京王線調布駅 徒歩3分にある大学受験の個別指導塾
「日本初!授業をしない塾」武田塾調布校です!

 

 

「プロパガンダ」

皆さんはこの言葉を聞いたことはありますか?
新語時事用語辞典によると「プロパガンダ」とは、個人や集団を特定の主義や思想・教義・原理などに誘導したりそれらの行動を広めたりするための計画的で政治的な意図を持った宣伝活動のことを意味する表現。らしいです。(引用:weblio.jp)

歴史の授業をとっている人は、第二次世界大戦の範囲で聞いたことがあると思います。
「馬鹿馬鹿しい」
「こんなのに騙される人がいるのか」
と今ならそう思えるかもしれませんが、当時の人にとってはそれが流行であり、主流だったのです。

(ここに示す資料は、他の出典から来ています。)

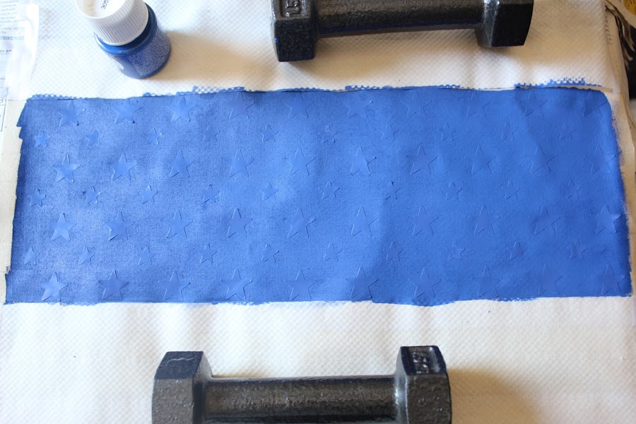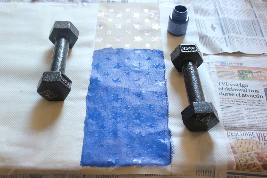 ? Pintamos por encima del rectángulo con las estrellas, una primera capa de pintura azul y dejamos que se seque al aire libre durante 1h.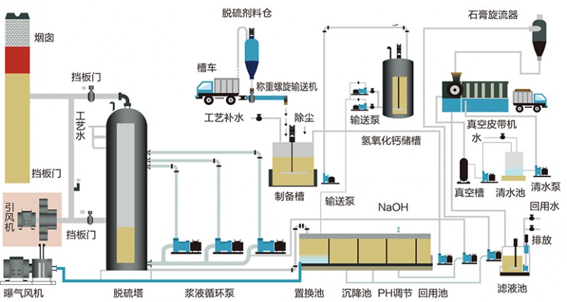雙堿法脫硫工藝,簡稱雙堿法,是常用的煙氣脫硫法。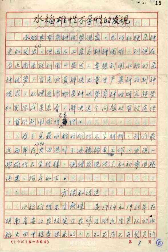 6年后,袁隆平發(fā)表第一篇論文《水稻的雄性不孕性》,刊登在中國(guó)科學(xué)院主編的《科學(xué)通報(bào)》半月刊第17卷第4期上。同年5月,國(guó)家科委九局局長(zhǎng)趙石英看到后,以科委九局名義致函湖南省科委與安江農(nóng)校,支持袁隆平的水稻雄性不育研究活動(dòng)。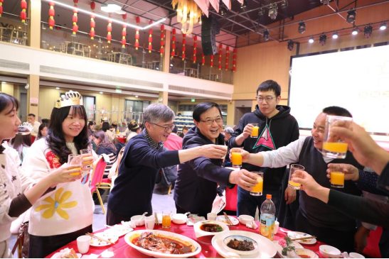 教职工们共同点燃生日蜡烛,唱响生日歌,许下心愿,分坐各桌的校领导们为大家切分蛋糕,送上美好祝福,现场被快乐温馨的氛围萦绕,欢声笑语一片。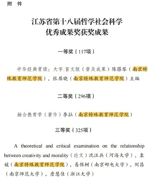 此次获奖成果中,我院三项成果荣列其中,涵盖特殊教育文化传承、融合教育理论建构以及跨学科创新研究,展现了我院在哲学社会科学领域多维度、深层次的科研探索能力。永利yl23411集团将进一步强化使命引领,着力建设跨学科研究团队,加强国际学术对话,推动构建具有中国特色、体现国际影响的特殊教育知识体系与实践模式,为培养高素质特殊教育专业人才、推动我国特殊教育现代化进程作出更大贡献。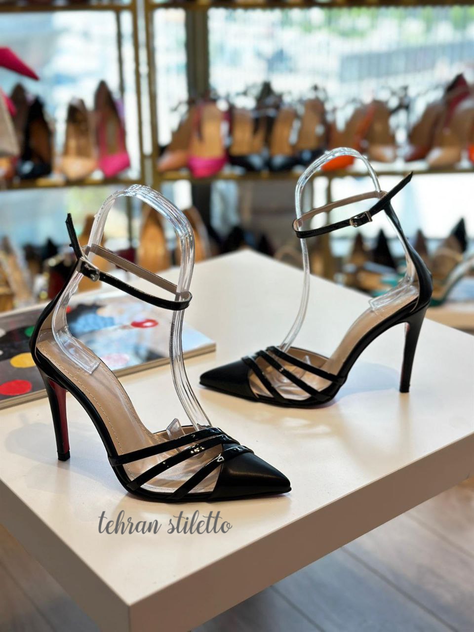 جنس محصول: ترکیب ورنی و چرم(کفش چرم هست و بندها ورنی ) / ارتفاع پاشنه: ۱۰ ٫ ۷ و ۵ سانتیمتر / قالب: استاندارد / رنگ زیره: قرمز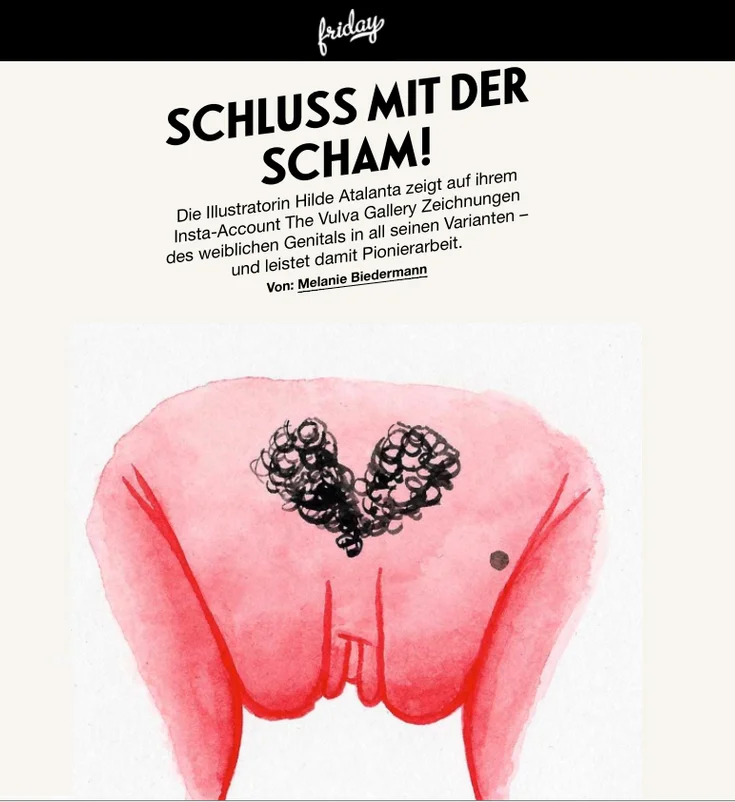 Yay! The beautiful platform Pink Things Mag wrote a feature about The Vulva Gallery! Pink Things Mag is a magazine, online gallery and Instagram feed dedicated to all things pink - giving a voice to emerging artists. It's curated by artist, founder and editor in chief Sarah Sickles. Thank you very much Sarah, for sharing my vulva/body positivity with the world!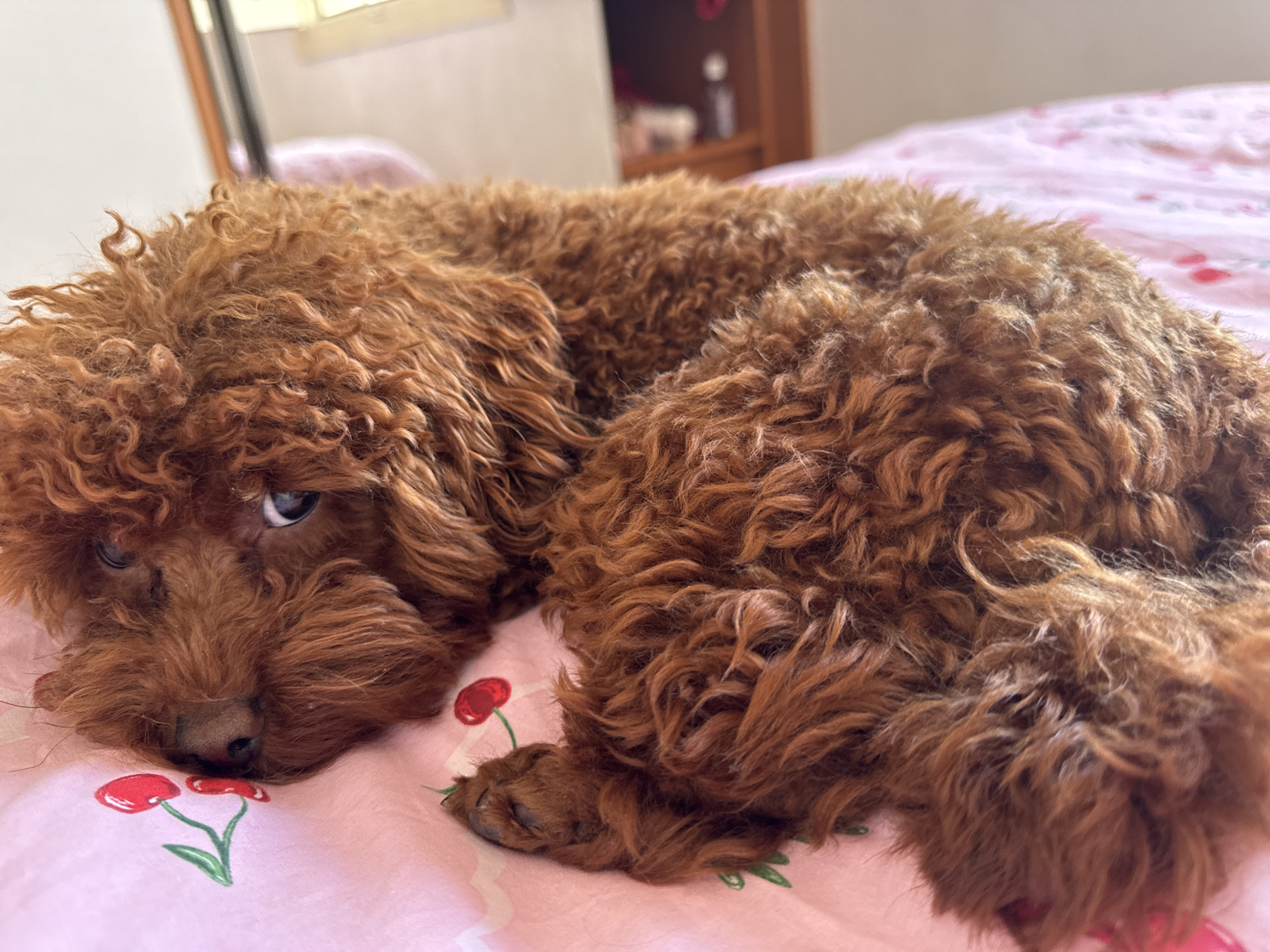 A reddish-brown toy poodle, exhibiting dense, curly fur, lies curled on a pink bedsheet patterned with red cherries and green stems

以前のブログでは1500〜1920年頃までの絵画、芸術について解説しました。まだ見ていない人はこちらからご覧ください。
今回のブログでは20世紀の、イタリア・ドイツ・日本に焦点を当てて戦争と芸術の関連性についてお話ししていこうと思います!

取り上げた理由としては、この時代のこの三カ国は歴史の中でよく全体主義、ファシズムと括られることが多いからです。
参考にした書籍はブログの最後に載せておくので、興味があったらぜひ読んでみてください!

 

 

・イタリア

1900年代、イタリアでは「未来派」という文化運動が流行りました。
美術分野だけでなく、文学、演劇、建築、音楽、写真、映画など、様々な分野が入り混じり領域横断的な運動だったそうです。

彼らの理念を簡単に説明すると
「古いものはダメ。科学技術やテクノロジーといった新しいものが素晴らしい!!」というものです。

なぜそのような考えに至ってしまったのか。

それは当時の世界情勢とイタリアの状況に関係があります。当時の社会は、資本主義の走り出しの時期でした。イギリスでは産業革命が起き、従来の仕事が機械に取って代わられ、富める者と貧しき者との格差が拡大された時代です。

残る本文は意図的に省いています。